Use cases of LangChain

  • Question Answering: Connecting an LLM with a knowledge base (like a vector database) to provide accurate answers from custom data.
  • Conversational Agents: Building chatbots with memory that can maintain context across sessions.
  • Data Augmented Generation: Combining LLMs with structured or unstructured data sources (SQL databases, APIs, documents) for richer responses.
  • Autonomous Agents: Creating agents that can plan tasks, choose the right tools, and execute them in a loop until the goal is met.
  • Document Analysis: Summarization, semantic search, and Q&A over large sets of documents.
  • Workflow Automation: Designing pipelines where multiple steps (API calls, calculations, LLM reasoning) are chained together.

LangChain in practice

LangChain is widely used in research, startups, and enterprises because it abstracts away the complexity of integrating LLMs into practical systems while offering flexibility for customization.

Hello World code in LangChain

The simplest way to get started with LangChain is to run a “Hello World” example that sends a prompt to an LLM and returns the response.

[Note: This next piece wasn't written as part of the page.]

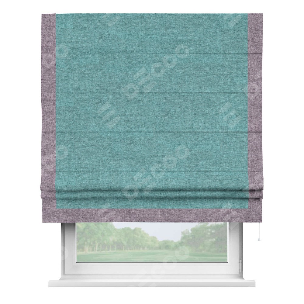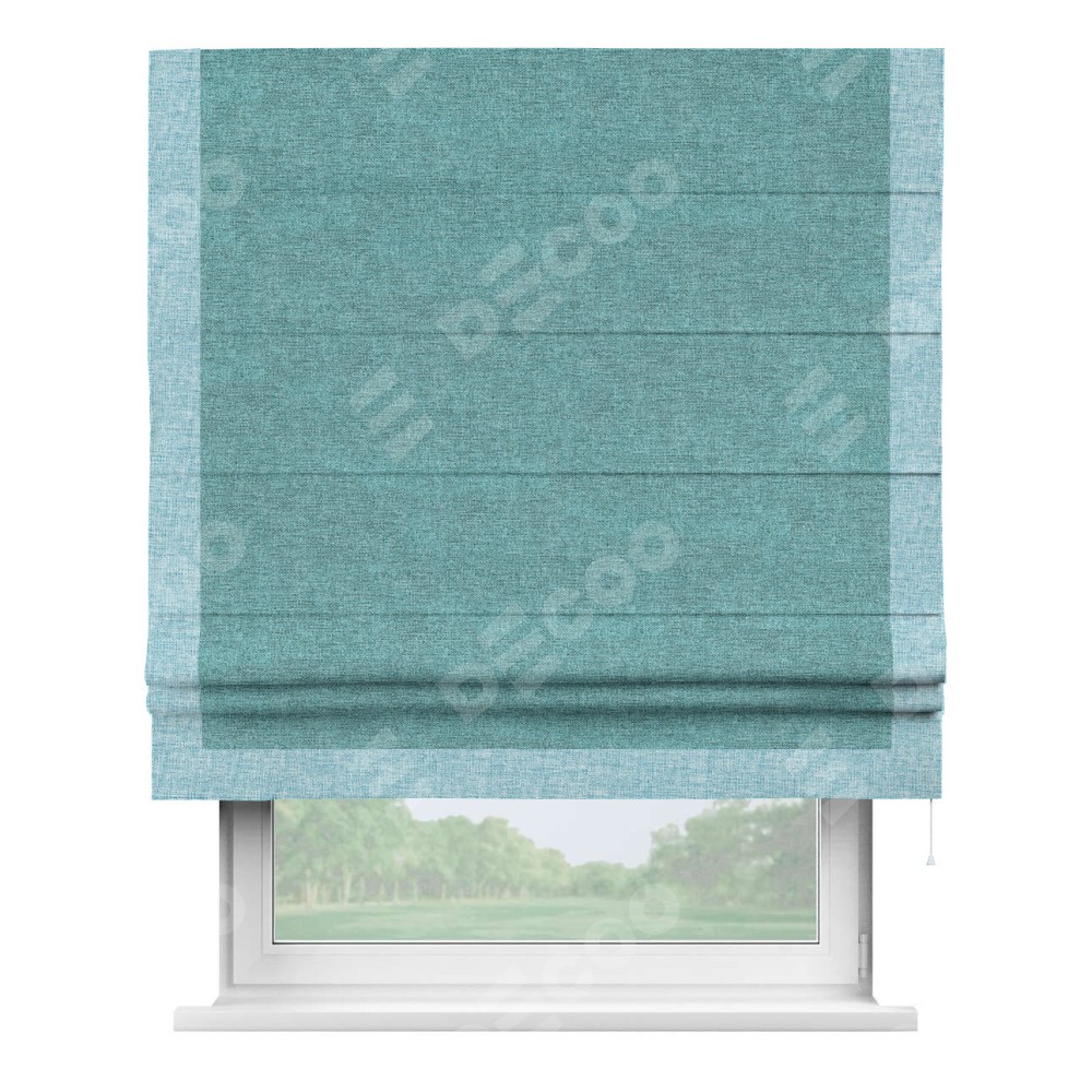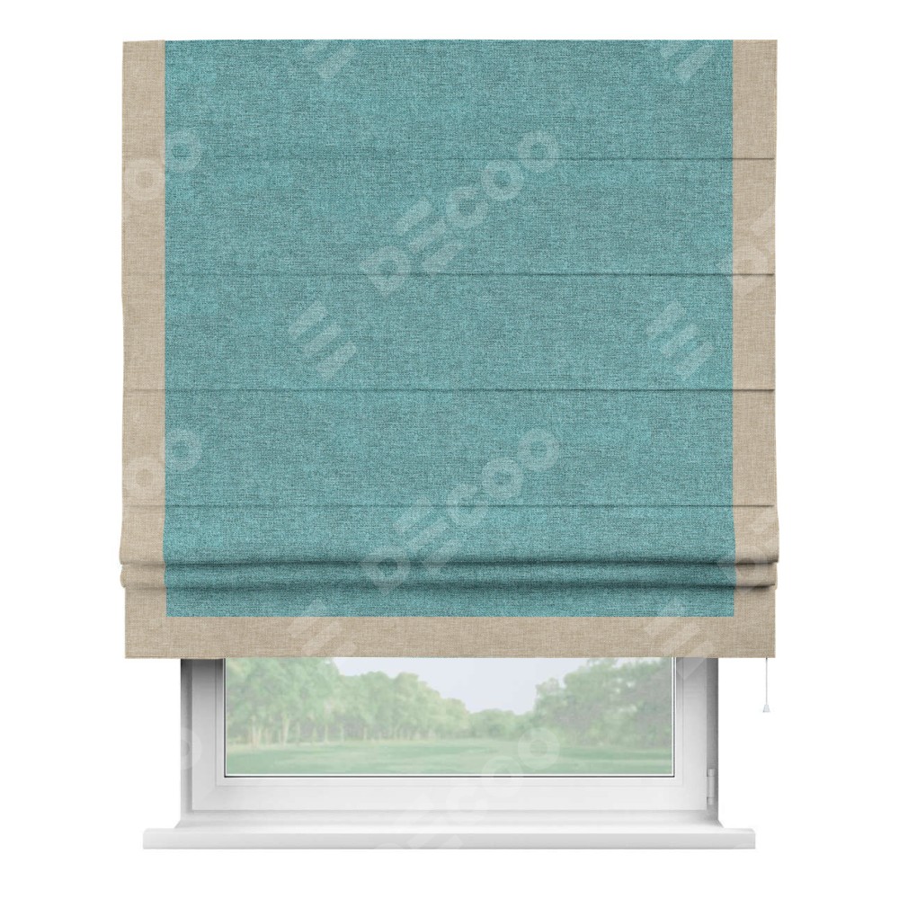 Римская штора «Кортин» с кантом Виктория, для проема, ткань лён кашемир бирюзовый

Here’s a Python example using langchain and OpenAI:

from langchain_openai import OpenAI

# Initialize the model
llm = OpenAI(model="gpt-3.5-turbo", temperature=0)

# Run a simple prompt
response = llm.invoke("Hello, world!")
print(response)

Explanation

  • The OpenAI class loads the LLM model (here gpt-3.5-turbo).
  • temperature=0 ensures deterministic output.
  • llm.invoke() sends the prompt "Hello, world!" to the model and returns its response.

This is the most basic way to interact with LangChain. From here, developers can extend the example by adding prompt templates, chaining multiple calls, connecting with tools, and enabling memory for contextual conversations.